生成AIってなんだろう?
生成AIは(Generative AI)は、人工知能システムの一種であり、既存のデータを学習することで新しいデータを生成することができます。
できることの例として、テキスト生成、画像生成、音声生成、動画生成などがあげられます。従来のAIとの違いは、新たに創造してオリジナリティあるコンテンツを生み出せる点にあります。執筆やデザイン、ソフトウェア開発、金融、医療など幅広い業界での活用が期待されており、多くの企業が生成AIを使ったプロダクト開発に参入しています。
有名な生成AIサービスには、OpenAIのChatGPTやGoogleのGemini、Adobe Firefly、Notion AI、AnthropicのClaude 3などがあげられます。
生成AIサービス例
- ChatGPT・・・人間に近い会話ができる人工知能チャットボットで、文章作成や対話、質疑応答、情報要約などができます。ChatGPTを一部利用し書き上げた作品が芥川賞を受賞したことでも話題となりました。

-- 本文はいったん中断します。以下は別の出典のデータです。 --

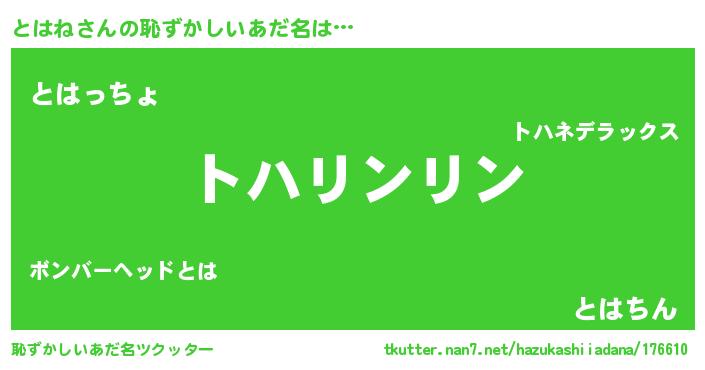 | 可愛いあだ名 | 『とはぷりん』『ぽよとは』 |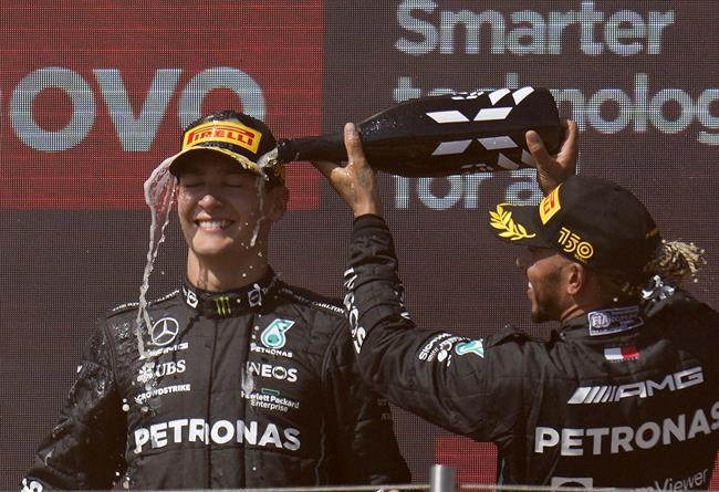 “That’s an incredible result for the team, great job George,” said Hamilton, who estimated sweating out “about three kilos” as track temperatures hit 51 degrees Celsius (124 Fahrenheit) at the Paul Ricard Circuit in southeastern France.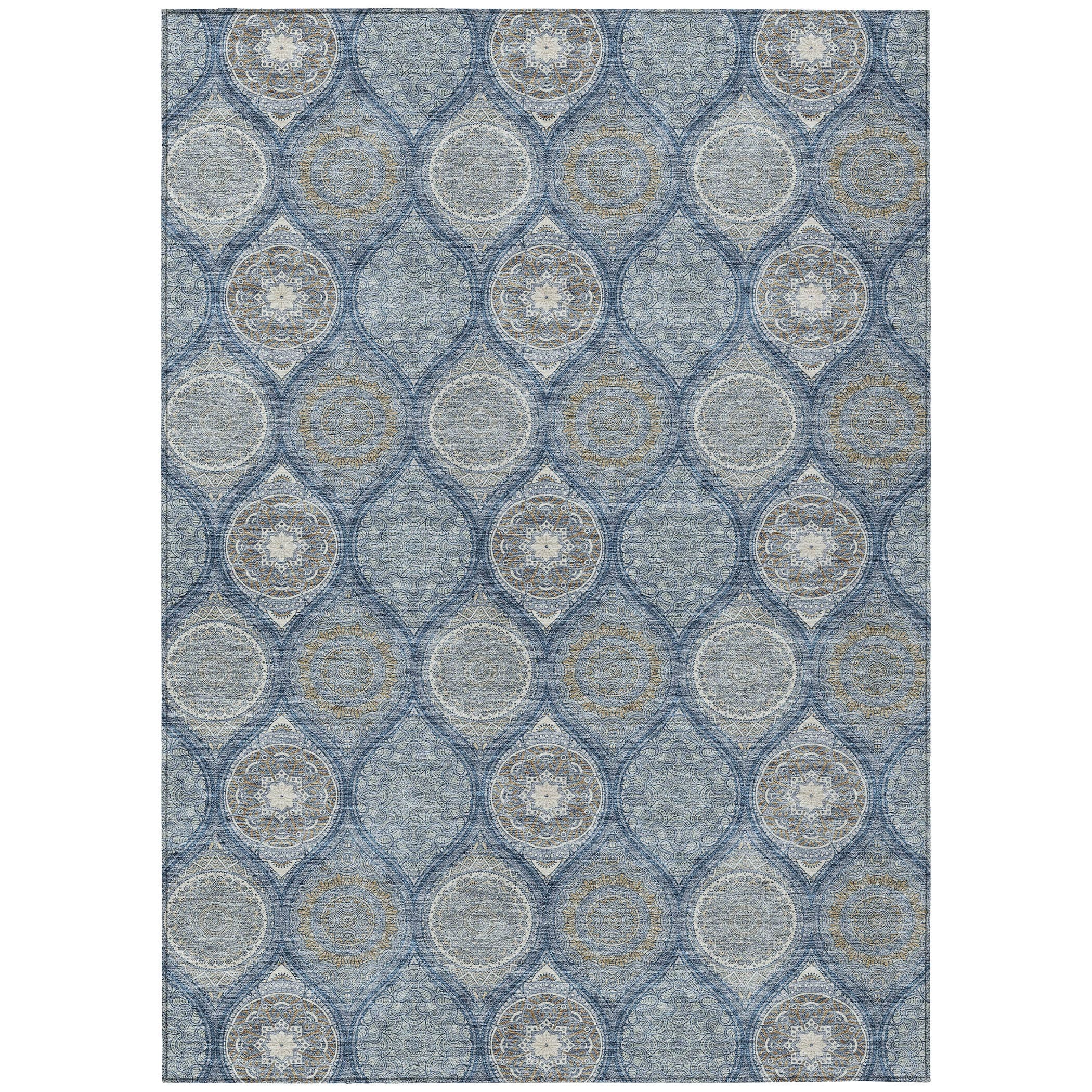 3' X 5' Blue And Ivory Abstract Washable Indoor Outdoor Area Rug - 3' x 6'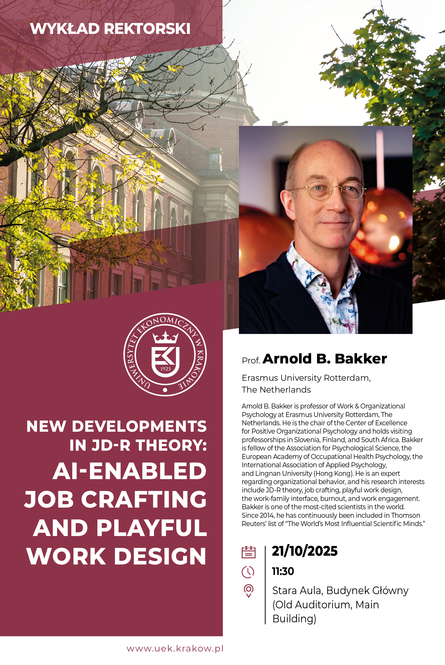 Spotkanie odbędzie się 21 października 2025 r. o godz. 11:30 w Starej Auli, w Budynku Głównym UEK. Wykład pt. New Developments in JD-R Theory: AI-Enabled Job Crafting and Playful Work Design wygłoszony zostanie w języku angielskim.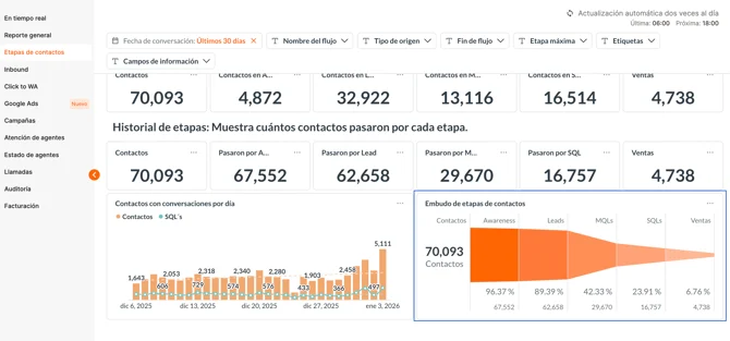 - Criar campanhas com foco na etapa atual do contato.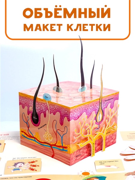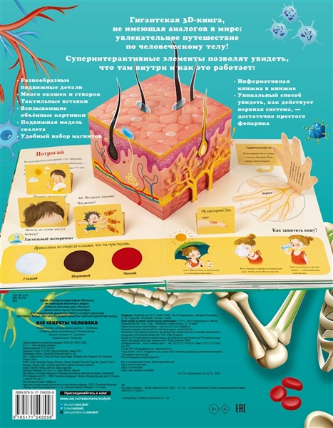 Это лучшая детская книга по анатомии — гигантская 3D-книга, не имеющая аналогов в мире: увлекательное путешествие по человеческому телу в интерактивном формате. Здесь есть всё! Суперинтерактивные элементы позволят увидеть, что там внутри и как это работает: разнообразные подвижные детали, много окошек и створок, тактильные вставки, всплывающие объемные картинки, подвижная модель скелета, удобный набор магнитов, информативная книжка в книжке, уникальный способ увидеть, как действует нервная система, — достаточно простого фонарика! Все ответы на вопросы детей о теле и прекрасный подарок для маленьких почемучек.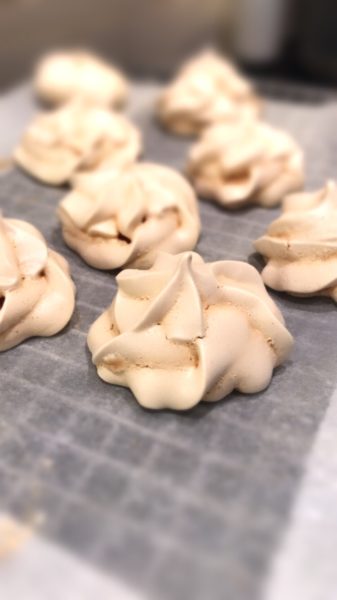 I didn’t expect to get that many meringues from just one egg but they yielded a healthy 16 mini piped domes. I was happy with that.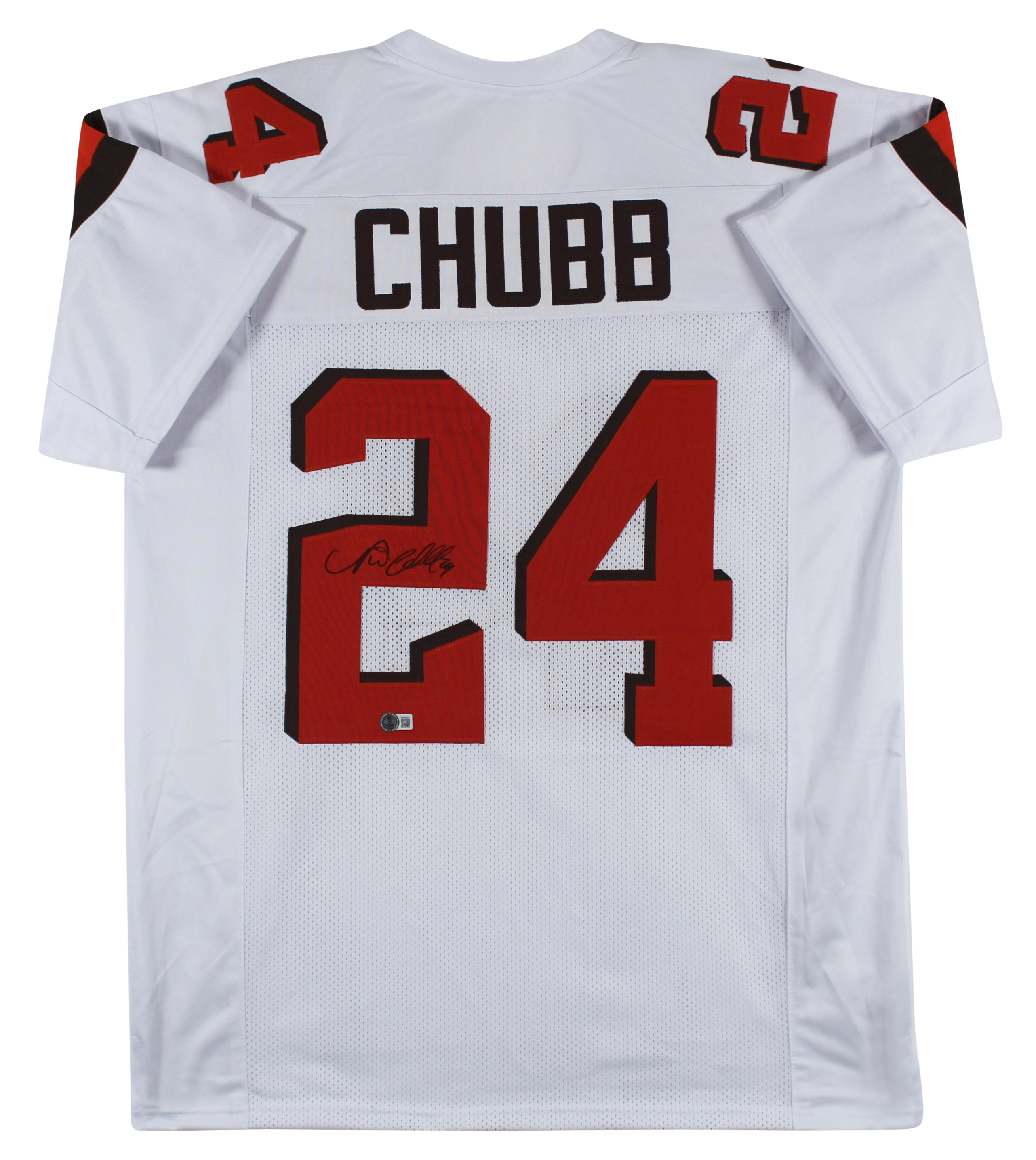 Nick Chubb Authentic Signed White Pro Style Jersey Autographed BAS Witnessed 2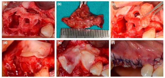 (a) bone defect after dental extractions and cyst removal; (b) cystic lesion; (c) the application of L-PRF clot under the sinus floor and L-PRF block in the bone lesion and post-extraction sockets; (d,e) the application of the remaining L-PRF clots over the surgical site; (f) sutures.

- Gemini・・・テキストや画像、音声データを複数同時に扱えるほか、複雑な情報に関する質問にも答えることができる高度な推論能力があります。プログラミング言語を理解しているため、質の高いコードを生成することができます。
- Adobe Firefly・・・画像生成やテキストエフェクト機能を持つサービスです。テキスト入力で画像やテキストエフェクト、オブジェクトの追加・削除など、デザイン分野に特化しています。
- Notion AI・・・Notion上で利用できるサービスです。文章作成、リライト、アイデア出し、アジェンダ作成など業務の作業効率を高めることができます。
- Claude 3・・・claude.aiと会話してブレーンストーミング、文章処理やリアルタイム翻訳ができるほか、手書きのメモや写真、静止画を分析できます。また、Webサイトを作成したり複雑なコードベースのデバッグなども行えます。
これらの生成AIサービスは、技術的な知識やスキルがなくても利用でき、業務効率化、生産性の向上や人手不足の解消に役立つメリットがあります。
このように人材の代替やそれ以上のクリエイティブ業務を期待されている生成AIですが、精巧な動画を容易に作り出せるため、悪意のあるフェイクニュースやディープフェイクが公開され度々問題となっています。意図せずに著作権のあるデータや不正確な情報を学習しコンテンツを作成する可能性があるため、著作権や人権を侵害していないか精査し利用する必要があります。
今まで人間しかできなかった作業が、生成AIでできる時代となりました。電子情報技術産業協会(JEITA)は、生成AIの2030年における世界需要は2,110億米ドル(約31兆8,972億円,2024/4/5為替レート)、日本の市場規模は1兆7,774億円になると予測を発表しました。これは、現在に比べ15倍もの増加です。特に製造分野の成長率は目覚ましく54.6%になるとしています。※1
ますます生成AIの需要が高まる中、EU理事会と欧州議会は、AIや生成AIを規制する法案に合意しました。個人の行動操作やソーシャルスコアリングの運用、年齢・障がい・社会経済的状況による個人の脆弱性の搾取など人権を脅かすリスクが高いものほど規制を厳しくする方針です。※2
業務効率化など大きなメリットのある生成AIですが、使用方法を間違えると人権侵害や著作権侵害につながる恐れがあり、生成AIサービスが拡大する一方で使用規制に向けた動きも出ています。